Today is number 199 of my pandemic experience. I was laying in bed a couple weeks back, unable to fall asleep, and started adding to when I last counted days I've been mostly at home. I landed on 178 and pondered that number for a bit ~ that's half the number of days in a leap year. It had been half a year since this whole mess started for me. And tomorrow it will be 200 days....
It seems that autumn has decided to give us a break this week. Last week the nights started getting colder and early this week we had scattered frost on the fields in the morning. When the seasons changed yesterday the temperatures warmed and a lovely warm breeze blew that demanded open windows. The rest of this week promises to be as beautiful. I have no excuse not to paint the exterior door jamb that Ken has repaired, and it actually looks pretty good with just the first coat.
I decided that this is the week to make all the phone calls and appointments that I have been putting off. I have a dentist visit tomorrow that was rescheduled months ago, and there is a list of protocols to follow to insure safety. Next door to that office is my optician, so I called today to see if they will take my glasses in for repair; I will call from the parking lot and they will retrieve my glasses from my car and give me an estimate on how long it will take.
I called my doctor's office to see what I can work out to get flu shots and TDAP boosters for me and my husband. It took two days and four phone calls but it turns out we can schedule "drive in" vaccinations where a nurse meets us at our car for our shots. The scheduling will require another phone call but it's worth it.
We need the TDAP booster because we are expecting grandchild number four in early December. My younger son and his wife are having their first child, and we are all very excited. I am already plotting how I can quarantine for two weeks here before I go to Massachusetts to help out, probably around the first of next year. They have taken the "stay safely at home" as seriously as we have so they have been part of our "bubble," and they were back to visit over Labor Day weekend. Those days were relaxed and easy and made life seem normal, if only for a few days.
But really, there is very little that is normal about this time of a pandemic, continual racial injustice and violence against people of color, and corruption of the party in power like we have never seen in our country ~ all amidst wildfires and weather events ripping through parts of the country with increasing severity.
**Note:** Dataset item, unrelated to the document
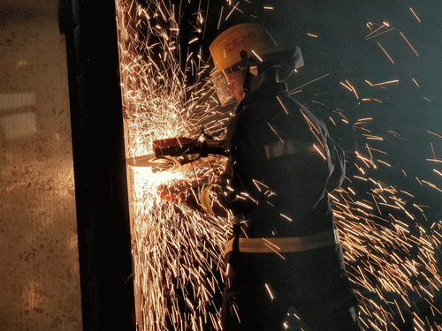 王龍宇在滅火救援中常常擔(dān)任水槍手,深入火場(chǎng)內(nèi)部撲滅火災(zāi),面對(duì)急難險(xiǎn)重的救援任務(wù)他從不畏縮。
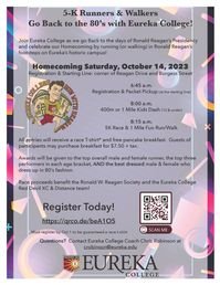 ... lace up your running shoes for the exciting "Run with Reagan 5K: Back to the 80's" event, hosted by ... for the exciting "Run with Reagan 5K: Back to the 80's" event, hosted by Eureka College on Saturday, Oct. ... exciting "Run with Reagan 5K: Back to the 80's" event, hosted by Eureka College on Saturday, Oct. 14. This thrilling ... a one-mile fun run/walk and 5K at 8:15 a.m. It is $25 to register for the 5K and ... causes: the Ronald W. Reagan Society and the Eureka College Red Devil Cross Country and Distance Team. “The team, coaches ... help host the Run with Reagan again during homecoming,” EC cross country coach and event chair Chris Robinson ... male and female runner, as well as the top three performers in each of the following age groups: 14 ... spot today, visit https://5kevents.raceentry.com/run-with-reagan/race-information. About Eureka College Located on nearly 70 wooded acres in Eureka, Illinois, and chartered in 1855,

When it seemed like it couldn't possibly get worse, last Friday we learned that Ruth Bader Ginsburg had died. I woke up Saturday in tears. I have moments of complete despair. Tonight I asked myself what might help, even a little bit, something I could do right now.
Writing would help. Reaching out. Connecting. Even my introverted self reaches a point where I can't do it all by myself any more. So here I am.
I hope you are well. I will return....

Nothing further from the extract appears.